June 20, 2010
June 20, 2010
June 23, 2010
15.119.1 - 15.119.18
Achieving Organizational Sustainability: An Engineering Management Challenge or Opportunity?
Organizational sustainability in terms of societal, environmental, and financial impacts may become the overarching success factor for technology-driven businesses in the global marketplace. This triple-bottom line has received considerable attention in the literature. However, the question of sustainability becoming an independent field is still being debated.1
Engineering management may become a major player in transforming compliance with legal regulations into an enhanced competitive business advantage by offering a total systems approach to achieving performance excellence. The applied research presented in this paper suggests a conceptual framework to guide the process of transforming the organization’s products and services to improve performance in terms of the expanded definition of sustainability. The educational aspects of sustainability are emphasized throughout this article. This framework may also be helpful to those in higher education faced with the challenge of reforming engineering education in the Engineering Management graduate curriculum.

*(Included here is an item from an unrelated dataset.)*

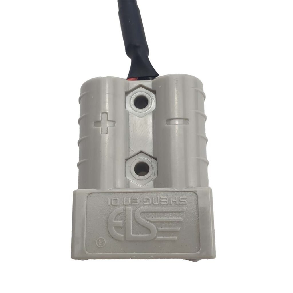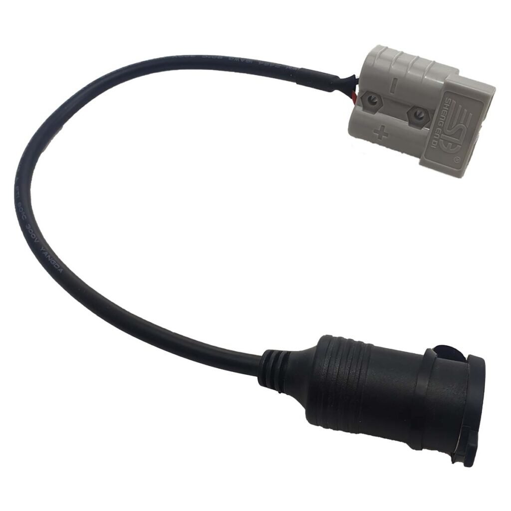 This connector is an Anderson Style 50 Amp connection to single female cig socket connection. A Cover is provided on the cig socket connector to ensure the connection is safe from dust and dirt and water when not is use.

A mini case study is discussed to illustrate the framework and suggest several managerial implications. The mini case tells the story of an electrical power distribution organization that expanded their customer provided services to include broadband and telephone technologies. They currently have 10,000 broadband customers and are operating this business segment in the black. Now the organization is exploring smart grid approaches to level load electrical power system demands. The mini case discussed in this article does offer a potential contribution. When addressing sustainability for a single organization in the supply chain, a best strategy for the local organization may be destabilizing for the entire supply chain. This suggests that sustainability strategies should be evaluated from a total systems perspective. Extrapolating to managerial implications one might conclude that Systems Engineering and Engineering Management disciplines could make a significant contribution in resolving the “sustainability” debate in higher education.
The purpose of this applied research is to: 1) Explore the emerging emphasis on the triple bottom line as organizations strive to survive in this turbulent decade; 2) Use relevant literature and the authors’ practical experience to suggest a conceptual framework that could guide organizations through a revolutionary process that involves disruptive or discontinuous changes to processes and business models; 3) Reflect implications of these sustainability transformation on Engineering Management Programs; and 4) Use the case of Bristol Tennessee Essential Services (BTES) to illustrate the framework and show positive results for the discontinuous changes that have occurred. Throughout this discussion the authors strive to use the BTES experience as a benchmark for reinforcing the systematic approach to innovation suggested by the conceptual framework; and to suggest that the Engineering Management curriculum may need innovative changes to provide the skills necessary to excel.